Search      Help    Register    Login    Home
Home » Modeling » TMF (Xtext) » Problem with data type rules and terminal rules Xtext 2.0M6
Problem with data type rules and terminal rules Xtext 2.0M6 [message #663419] Mon, 04 April 2011 23:32 Go to next message
Simon Stratmann is currently offline Simon StratmannFriend
Messages: 27
Registered: February 2011
Junior Member
Hi,

I am at a total loss. I cannot post my real grammar, but luckily I was able to reproduce the problem in a mock grammar, so please don't wonder why some of it looks weird.

My grammar is

grammar org.xtext.example.mydsl.MyDsl hidden (WS)

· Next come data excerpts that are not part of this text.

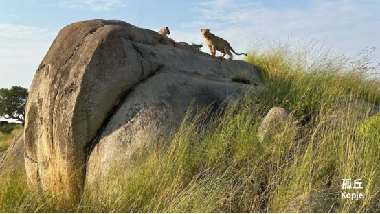 我们终于找到了电影《狮子王》“荣耀石”的原型之地。这是一座巨大的花岗岩孤丘(Kopje),在蓝天白云的映衬下,它似乎就是大地之上的天然王座。此刻,两只狮子正并肩卧在石顶,神态威严而宁静,俯视着脚下的广阔草原。
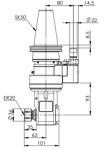 ◎?SK50-ER20 90° Angle Head-Compact (AHD Type)
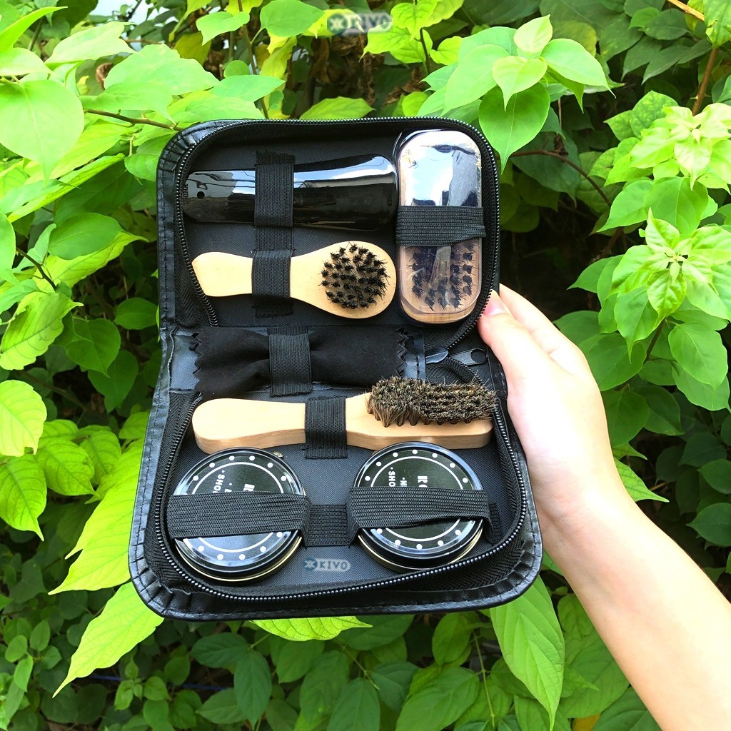 👉 01 Bàn chải tán xi: Thiết kế cán dài cầm tay nhỏ gọn, giúp lấy xi và bôi đều lên các ngóc ngách của giày mà không làm bẩn tay.

generate myDsl "http://www.xtext.org/example/mydsl/MyDsl"
import "http://www.eclipse.org/emf/2002/Ecore" as ecore

Model:
	test+=Test*;
	
Test:
	new_attribute | new_item | referral_test| chartest;

chartest :
	"char" c=CHARACTER
;
	
Referable:
	item_name | attribute_name
;
	
new_item :
	"item" name=item_name;

item_name :
	name=IDENTIFIER;

new_attribute :
	"attribute" name=attribute_name;

attribute_name :
	name=IDENTIFIER;
	
referral_test :
	"use" first=[Referable|IDENTIFIER] "'" second=[Referable|IDENTIFIER]
;

CHARACTER:
//Not a terminal rule so it does not consume the ' for attribute access 
	"'" ("a" | "b" | "c" | "d" | "e" | "f" | "g" | "h" | "i" | "j" | "k" | "l" | "m" | "n" | "o" | "p")
	"'";

terminal IDENTIFIER:
	('a'..'z' | 'A'..'Z')*;


terminal WS:
	' ' | '\t' | '\n' | '\r';


I need to be able to use constructs like "item'attribute" on the one hand and on the other hand characters like 'x'. For the character rule not to consume the "a" in "item'attribute" I tried changing it to a data type rule.

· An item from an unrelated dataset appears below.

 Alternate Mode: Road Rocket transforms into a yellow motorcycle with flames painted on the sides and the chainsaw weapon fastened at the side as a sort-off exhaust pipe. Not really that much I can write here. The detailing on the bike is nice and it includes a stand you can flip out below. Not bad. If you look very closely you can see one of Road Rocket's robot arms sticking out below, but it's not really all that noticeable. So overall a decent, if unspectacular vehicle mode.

With this grammar a line like "item a" gives the error "mismatched input 'a' expecting RULE_IDENTIFIER", while "a" is colored like a keyword.
But the line "item q" works, because the q is not part of CHARACTER. "item ab" works, too.
"char 'a'" works (no errors are shown), but the "a" is marked as a keyword, too.

Perhaps I misunderstand Datatype rules and terminal rules and their difference, but why are those letters that are defined in the CHARACTER recognized as a keyword, while the other ones are not? How can I make the char_test rule recognize character constructs "properly"?

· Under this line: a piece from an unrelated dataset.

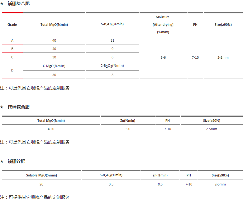 其它含鎂中、微量元素肥料

Thanks so much, this has been bugging me for a while now.

Simon
Re: Problem with data type rules and terminal rules Xtext 2.0M6 [message #663427 is a reply to message #663419] Tue, 05 April 2011 01:50 Go to previous messageGo to next message
Henrik Lindberg is currently offline Henrik LindbergFriend
Messages: 2509
Registered: July 2009
Senior Member
It is very easy to be confused about how terminal rules work.
It is important to remember that terminal rules are transformed to rules
executed by the lexer, and it is the lexer that hacks up the input
stream (the text) into tokens on which the grammar operates.

Secondly, all keywords have special handling - if the text matched by
the lexer is a keyword, it will be deliver as a keyword token.

Hence, your IDENTIFIER rule will consume all letters, but since the
IDENTIFIER 'a' is a keyword the grammar will get a KEYWORD_a token.

You can work around this in a couple of different ways:

- use the built in keyword escape of ^, that when placed before a
keyword will turn it into an ID (without the ^). But the user will have
to enter '^a' instead of just 'a'.

- (easiest) just use ID instead of CHARACTER, and add a validation rule
that the string is a single character and acceptable.

@Check
public void checkCharacter(chartest o) {
if(o.getC().length() != 1 || !"abcdef".contains(o.getC())
error(....);
}

If you want code completion you have to add that.

- create a rule that represents both ID + all keywords that are
accepted. i.e. something like

terminal ID : (a..z|A..Z)* ;
IDENTIFIER: ID | "a" | "b" | ... ;

You will also need to handle the fact that the characters "a"... will be
styled as keywords (can be turned off with semantic highlighting rules).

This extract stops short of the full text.